The command below will register and save the secret to a new configuration file. Note that if you provide an existing one, it will use or update it.

python ./examples/flux/register.py keebler --config-path ./rainbow-config.yaml
Saving rainbow config to ./rainbow-config.yaml
🤫️ The token you will need to submit jobs to this cluster is rainbow
🔐️ The secret you will need to accept jobs is 649598a9-e77b-4aa3-ab46-bfbbc5e2d606

Try running it again - you can't register a cluster twice. But of course other cluster names you can register. A "cluster" can actually be a cluster, or a flux instance, or any entity that can accept jobs. The script also accepts arguments (see register.py --help)

python ./examples/flux/register.py --help

🌈️ Rainbow scheduler register

options:
  -h, --help            show this help message and exit
  --cluster CLUSTER     cluster name to register
  --host HOST           host of rainbow cluster
  --secret SECRET       Rainbow cluster registration secret
  --config-path CONFIG_PATH
                        Path to rainbow configuration file to write or use
  --cluster-nodes CLUSTER_NODES
                        Nodes to provide for registration

Register Subsystem

Let's now register the subsystem. Akin to register, this has the path to the subsystem nodes set as a default, and the name --subsystem set to "io." This assumes you've registered your cluster and have the cluster secret in your ./rainbow-config.yaml

python ./examples/flux/register-subsystem.py keebler --config-path ./rainbow-config.yaml
status: REGISTER_SUCCESS

In the server window you'll see the subsystem added:

...
2024/03/09 14:21:50 📝️ received subsystem register: keebler
2024/03/09 14:21:50 Preparing to load 6 nodes and 30 edges
2024/03/09 14:21:50 We have made an in memory graph (subsystem io) with 7 vertices, with 15 connections to the dominant!
{
 "keebler": {
  "Name": "keebler",
  "Counts": {
   "io": 1,
   "mtl1unit": 1,
   "mtl2unit": 1,
   "mtl3unit": 1,
   "nvme": 1,
   "shm": 1
  }
 }
}

Update State

While we likely will have clusters sending back state when they accept jobs, for now we have a separate endpoint to do a one-off request to update the state.
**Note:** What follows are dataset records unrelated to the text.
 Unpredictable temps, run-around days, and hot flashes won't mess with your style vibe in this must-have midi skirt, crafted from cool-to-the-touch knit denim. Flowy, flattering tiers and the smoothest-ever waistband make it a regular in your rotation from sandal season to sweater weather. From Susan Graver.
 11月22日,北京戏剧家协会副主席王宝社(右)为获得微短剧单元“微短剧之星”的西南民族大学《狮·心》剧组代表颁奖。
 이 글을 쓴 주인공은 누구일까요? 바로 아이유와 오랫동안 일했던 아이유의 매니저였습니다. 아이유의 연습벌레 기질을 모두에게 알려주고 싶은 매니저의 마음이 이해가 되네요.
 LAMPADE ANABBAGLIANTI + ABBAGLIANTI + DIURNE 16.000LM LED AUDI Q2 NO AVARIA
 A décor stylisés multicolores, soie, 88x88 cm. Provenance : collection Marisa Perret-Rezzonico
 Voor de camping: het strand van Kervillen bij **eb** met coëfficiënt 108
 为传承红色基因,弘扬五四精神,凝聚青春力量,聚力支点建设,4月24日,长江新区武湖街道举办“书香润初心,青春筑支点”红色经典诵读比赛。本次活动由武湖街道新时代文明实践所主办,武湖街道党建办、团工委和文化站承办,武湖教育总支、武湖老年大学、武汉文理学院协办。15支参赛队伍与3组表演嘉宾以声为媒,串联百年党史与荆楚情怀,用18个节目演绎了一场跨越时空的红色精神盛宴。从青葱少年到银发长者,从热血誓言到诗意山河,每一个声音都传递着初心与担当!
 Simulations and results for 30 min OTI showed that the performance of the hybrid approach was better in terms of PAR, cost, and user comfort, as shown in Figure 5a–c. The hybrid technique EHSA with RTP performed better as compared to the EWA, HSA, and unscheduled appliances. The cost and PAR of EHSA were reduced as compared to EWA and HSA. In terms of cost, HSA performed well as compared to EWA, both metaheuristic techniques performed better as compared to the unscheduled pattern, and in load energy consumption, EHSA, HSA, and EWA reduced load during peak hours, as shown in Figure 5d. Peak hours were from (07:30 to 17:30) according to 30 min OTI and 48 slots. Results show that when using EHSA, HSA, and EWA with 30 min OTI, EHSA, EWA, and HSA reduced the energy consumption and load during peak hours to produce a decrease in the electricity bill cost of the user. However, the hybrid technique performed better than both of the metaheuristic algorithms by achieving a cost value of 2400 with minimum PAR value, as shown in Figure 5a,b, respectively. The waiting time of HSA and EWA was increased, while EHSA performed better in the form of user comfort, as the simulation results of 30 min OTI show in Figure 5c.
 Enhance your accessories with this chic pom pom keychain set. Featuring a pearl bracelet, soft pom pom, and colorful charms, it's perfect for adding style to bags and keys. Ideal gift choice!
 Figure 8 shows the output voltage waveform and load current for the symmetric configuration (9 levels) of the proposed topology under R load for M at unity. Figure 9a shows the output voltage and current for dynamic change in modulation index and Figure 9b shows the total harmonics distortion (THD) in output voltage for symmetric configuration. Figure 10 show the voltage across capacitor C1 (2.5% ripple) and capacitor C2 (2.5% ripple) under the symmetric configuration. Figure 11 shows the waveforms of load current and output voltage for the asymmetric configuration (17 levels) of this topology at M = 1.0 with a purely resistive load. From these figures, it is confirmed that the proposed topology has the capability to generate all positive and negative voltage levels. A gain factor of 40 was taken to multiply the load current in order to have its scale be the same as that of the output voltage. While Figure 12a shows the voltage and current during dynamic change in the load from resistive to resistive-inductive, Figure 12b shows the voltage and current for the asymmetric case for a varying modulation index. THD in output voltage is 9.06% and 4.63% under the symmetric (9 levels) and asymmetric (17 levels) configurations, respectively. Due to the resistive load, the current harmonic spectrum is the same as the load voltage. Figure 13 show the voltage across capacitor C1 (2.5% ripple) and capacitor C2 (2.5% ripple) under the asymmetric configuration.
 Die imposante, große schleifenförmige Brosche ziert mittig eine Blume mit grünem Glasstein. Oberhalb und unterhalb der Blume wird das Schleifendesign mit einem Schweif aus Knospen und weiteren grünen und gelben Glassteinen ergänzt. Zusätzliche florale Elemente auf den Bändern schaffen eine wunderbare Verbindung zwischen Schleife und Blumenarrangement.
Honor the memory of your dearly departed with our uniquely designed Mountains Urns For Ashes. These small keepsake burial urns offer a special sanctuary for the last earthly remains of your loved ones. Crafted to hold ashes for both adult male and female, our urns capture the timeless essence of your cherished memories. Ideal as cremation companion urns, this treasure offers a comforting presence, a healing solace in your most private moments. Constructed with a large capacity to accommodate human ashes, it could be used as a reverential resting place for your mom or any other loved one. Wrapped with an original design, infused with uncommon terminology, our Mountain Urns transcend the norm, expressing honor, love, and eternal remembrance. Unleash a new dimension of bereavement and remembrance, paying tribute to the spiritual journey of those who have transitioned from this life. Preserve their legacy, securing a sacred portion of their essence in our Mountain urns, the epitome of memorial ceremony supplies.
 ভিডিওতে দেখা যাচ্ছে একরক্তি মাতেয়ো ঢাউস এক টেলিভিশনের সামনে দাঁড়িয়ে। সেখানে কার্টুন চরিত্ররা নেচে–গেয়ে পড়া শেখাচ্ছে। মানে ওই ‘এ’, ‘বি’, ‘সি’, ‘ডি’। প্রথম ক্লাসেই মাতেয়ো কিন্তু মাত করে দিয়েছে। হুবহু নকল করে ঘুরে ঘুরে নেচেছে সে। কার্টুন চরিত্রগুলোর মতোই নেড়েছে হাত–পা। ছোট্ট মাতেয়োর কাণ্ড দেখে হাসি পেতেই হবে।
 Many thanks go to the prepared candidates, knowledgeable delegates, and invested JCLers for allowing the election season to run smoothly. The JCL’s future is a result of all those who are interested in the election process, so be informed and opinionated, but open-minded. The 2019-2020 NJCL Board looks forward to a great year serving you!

You can test that here.

python ./examples/flux/update-state.py keebler --config-path ./rainbow-config.yaml
status: UPDATE_STATE_SUCCESS

In the server terminal (depending on your level of logging) you'll see the state update.

2024/04/05 18:45:16 We have made an in memory graph (subsystem io) with 7 vertices, with 15 connections to the dominant!
Metrics for subsystem io{
 "io": 1,
 "mtl1unit": 1,
 "mtl2unit": 1,
 "mtl3unit": 1,
 "nvme": 1,
 "shm": 1
}
2024/04/05 18:47:18 📝️ received state update: keebler
Updating state cost-per-node to 12
Updating state max-jobs to 100

Note that the path to the state metadata file is provided as a default to make the demo simple. This state metadata will be provided to the selection algorithm to use as needed to make choice for a final cluster.

Submit Job (Simple)

Now let's submit a job to our faux cluster. We need to provide the token we received above. Remember that this is a two stage process:

  1. Query the graph database for one or more cluster matches.
  2. Send that request to rainbow.

The client handles both, so you (as the user) only are exposed to the single submit. We will be providing basic arguments for the job, but note you can provide other arguments too:

python ./examples/flux/submit-job.py --help

🌈️ Rainbow scheduler submit

positional arguments:
  command               Command to submit

options:
  -h, --help            show this help message and exit
  --config-path CONFIG_PATH
                        config path with cluster names
  --host HOST           host of rainbow cluster
  --token TOKEN         Cluster token for permission to submit jobs
  --nodes NODES         Nodes for job (defaults to 1)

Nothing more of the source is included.